:: RECORDS FOR THIS TASK ::
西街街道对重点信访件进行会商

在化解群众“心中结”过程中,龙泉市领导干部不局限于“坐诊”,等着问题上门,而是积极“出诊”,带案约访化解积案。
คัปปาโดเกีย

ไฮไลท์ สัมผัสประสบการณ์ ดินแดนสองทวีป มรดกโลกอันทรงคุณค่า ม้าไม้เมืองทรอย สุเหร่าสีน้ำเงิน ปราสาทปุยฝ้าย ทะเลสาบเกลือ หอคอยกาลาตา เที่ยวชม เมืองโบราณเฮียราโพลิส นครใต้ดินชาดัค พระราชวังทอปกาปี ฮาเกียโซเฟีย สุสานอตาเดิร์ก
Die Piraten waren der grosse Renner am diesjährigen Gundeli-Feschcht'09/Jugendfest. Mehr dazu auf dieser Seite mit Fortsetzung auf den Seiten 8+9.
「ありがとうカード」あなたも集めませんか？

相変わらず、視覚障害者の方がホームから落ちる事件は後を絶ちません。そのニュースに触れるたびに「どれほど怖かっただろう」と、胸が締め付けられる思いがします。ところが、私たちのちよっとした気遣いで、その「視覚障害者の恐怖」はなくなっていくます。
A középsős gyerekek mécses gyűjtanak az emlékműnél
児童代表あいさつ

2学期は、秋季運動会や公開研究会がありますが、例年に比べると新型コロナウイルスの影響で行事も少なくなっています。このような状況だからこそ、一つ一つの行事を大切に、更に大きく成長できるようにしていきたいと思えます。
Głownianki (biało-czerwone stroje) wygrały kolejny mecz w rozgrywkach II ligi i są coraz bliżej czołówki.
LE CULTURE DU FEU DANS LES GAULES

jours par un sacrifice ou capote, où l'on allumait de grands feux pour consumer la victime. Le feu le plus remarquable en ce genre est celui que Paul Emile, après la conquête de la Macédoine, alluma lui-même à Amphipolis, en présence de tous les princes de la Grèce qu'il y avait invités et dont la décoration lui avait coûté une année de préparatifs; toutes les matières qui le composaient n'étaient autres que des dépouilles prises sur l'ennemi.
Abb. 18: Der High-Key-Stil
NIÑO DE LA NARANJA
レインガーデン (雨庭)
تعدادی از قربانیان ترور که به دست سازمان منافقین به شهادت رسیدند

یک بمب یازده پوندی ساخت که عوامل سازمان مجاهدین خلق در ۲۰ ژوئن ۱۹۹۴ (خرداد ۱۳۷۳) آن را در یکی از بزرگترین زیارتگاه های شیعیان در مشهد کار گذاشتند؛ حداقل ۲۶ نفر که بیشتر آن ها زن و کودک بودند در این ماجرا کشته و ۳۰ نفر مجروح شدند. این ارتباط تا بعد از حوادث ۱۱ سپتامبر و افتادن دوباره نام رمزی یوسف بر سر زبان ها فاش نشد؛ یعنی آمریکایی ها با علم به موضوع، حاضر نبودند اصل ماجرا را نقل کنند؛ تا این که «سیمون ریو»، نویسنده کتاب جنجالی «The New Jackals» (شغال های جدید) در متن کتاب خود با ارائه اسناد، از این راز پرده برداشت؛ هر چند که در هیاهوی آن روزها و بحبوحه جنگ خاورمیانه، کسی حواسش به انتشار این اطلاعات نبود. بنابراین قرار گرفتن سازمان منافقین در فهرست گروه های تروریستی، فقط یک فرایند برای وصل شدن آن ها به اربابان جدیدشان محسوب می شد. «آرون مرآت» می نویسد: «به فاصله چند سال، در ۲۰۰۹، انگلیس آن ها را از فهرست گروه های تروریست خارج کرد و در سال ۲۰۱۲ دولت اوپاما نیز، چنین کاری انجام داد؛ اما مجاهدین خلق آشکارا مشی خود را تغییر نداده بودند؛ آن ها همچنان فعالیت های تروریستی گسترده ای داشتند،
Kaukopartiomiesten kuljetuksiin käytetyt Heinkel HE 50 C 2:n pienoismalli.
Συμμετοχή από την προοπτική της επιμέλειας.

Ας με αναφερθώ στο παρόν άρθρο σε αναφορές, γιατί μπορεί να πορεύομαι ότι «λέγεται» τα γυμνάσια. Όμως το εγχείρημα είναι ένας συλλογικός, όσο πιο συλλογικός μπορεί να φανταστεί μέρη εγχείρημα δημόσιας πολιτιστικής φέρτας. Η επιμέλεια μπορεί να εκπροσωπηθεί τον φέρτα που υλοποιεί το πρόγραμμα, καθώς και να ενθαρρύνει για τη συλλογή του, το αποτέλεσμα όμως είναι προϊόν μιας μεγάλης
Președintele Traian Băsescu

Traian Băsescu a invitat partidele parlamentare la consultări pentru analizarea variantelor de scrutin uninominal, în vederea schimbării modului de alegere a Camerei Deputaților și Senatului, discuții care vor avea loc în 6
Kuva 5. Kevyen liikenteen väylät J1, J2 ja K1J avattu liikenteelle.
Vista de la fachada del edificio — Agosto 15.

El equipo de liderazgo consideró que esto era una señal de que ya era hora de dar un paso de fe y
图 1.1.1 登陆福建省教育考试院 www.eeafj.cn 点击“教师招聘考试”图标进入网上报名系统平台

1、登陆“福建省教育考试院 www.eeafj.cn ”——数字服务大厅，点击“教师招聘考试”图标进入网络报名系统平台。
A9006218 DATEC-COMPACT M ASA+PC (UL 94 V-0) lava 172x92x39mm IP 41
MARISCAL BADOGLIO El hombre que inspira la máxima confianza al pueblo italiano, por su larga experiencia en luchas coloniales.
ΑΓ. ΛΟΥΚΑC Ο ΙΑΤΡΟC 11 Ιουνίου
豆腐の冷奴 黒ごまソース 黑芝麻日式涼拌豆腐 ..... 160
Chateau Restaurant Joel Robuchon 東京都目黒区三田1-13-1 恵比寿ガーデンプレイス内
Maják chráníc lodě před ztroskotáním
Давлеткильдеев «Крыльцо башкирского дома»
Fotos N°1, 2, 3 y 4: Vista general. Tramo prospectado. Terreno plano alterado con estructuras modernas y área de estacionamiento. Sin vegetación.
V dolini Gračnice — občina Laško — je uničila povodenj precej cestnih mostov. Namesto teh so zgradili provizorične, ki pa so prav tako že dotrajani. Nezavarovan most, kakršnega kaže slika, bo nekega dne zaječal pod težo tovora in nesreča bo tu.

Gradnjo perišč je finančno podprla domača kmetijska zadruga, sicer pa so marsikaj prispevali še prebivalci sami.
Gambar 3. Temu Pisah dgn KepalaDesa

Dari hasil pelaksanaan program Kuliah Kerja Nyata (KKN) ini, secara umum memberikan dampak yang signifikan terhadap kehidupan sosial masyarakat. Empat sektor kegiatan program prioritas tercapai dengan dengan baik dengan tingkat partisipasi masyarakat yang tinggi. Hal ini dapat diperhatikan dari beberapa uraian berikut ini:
:::
• DIRECTIONS: Starting with the first line of the entries, transcribe every line up to and including the one with "تعدادی از قربانیان".

• SOLUTION TO THIS EXERCISE:
西街街道对重点信访件进行会商

在化解群众“心中结”过程中,龙泉市领导干部不局限于“坐诊”,等着问题上门,而是积极“出诊”,带案约访化解积案。
คัปปาโดเกีย

ไฮไลท์ สัมผัสประสบการณ์ ดินแดนสองทวีป มรดกโลกอันทรงคุณค่า ม้าไม้เมืองทรอย สุเหร่าสีน้ำเงิน ปราสาทปุยฝ้าย ทะเลสาบเกลือ หอคอยกาลาตา เที่ยวชม เมืองโบราณเฮียราโพลิส นครใต้ดินชาดัค พระราชวังทอปกาปี ฮาเกียโซเฟีย สุสานอตาเดิร์ก
Die Piraten waren der grosse Renner am diesjährigen Gundeli-Feschcht'09/Jugendfest. Mehr dazu auf dieser Seite mit Fortsetzung auf den Seiten 8+9.
「ありがとうカード」あなたも集めませんか？

相変わらず、視覚障害者の方がホームから落ちる事件は後を絶ちません。そのニュースに触れるたびに「どれほど怖かっただろう」と、胸が締め付けられる思いがします。ところが、私たちのちよっとした気遣いで、その「視覚障害者の恐怖」はなくなっていくます。
A középsős gyerekek mécses gyűjtanak az emlékműnél
児童代表あいさつ

2学期は、秋季運動会や公開研究会がありますが、例年に比べると新型コロナウイルスの影響で行事も少なくなっています。このような状況だからこそ、一つ一つの行事を大切に、更に大きく成長できるようにしていきたいと思えます。
Głownianki (biało-czerwone stroje) wygrały kolejny mecz w rozgrywkach II ligi i są coraz bliżej czołówki.
LE CULTURE DU FEU DANS LES GAULES

jours par un sacrifice ou capote, où l'on allumait de grands feux pour consumer la victime. Le feu le plus remarquable en ce genre est celui que Paul Emile, après la conquête de la Macédoine, alluma lui-même à Amphipolis, en présence de tous les princes de la Grèce qu'il y avait invités et dont la décoration lui avait coûté une année de préparatifs; toutes les matières qui le composaient n'étaient autres que des dépouilles prises sur l'ennemi.
Abb. 18: Der High-Key-Stil
NIÑO DE LA NARANJA
レインガーデン (雨庭)
تعدادی از قربانیان ترور که به دست سازمان منافقین به شهادت رسیدند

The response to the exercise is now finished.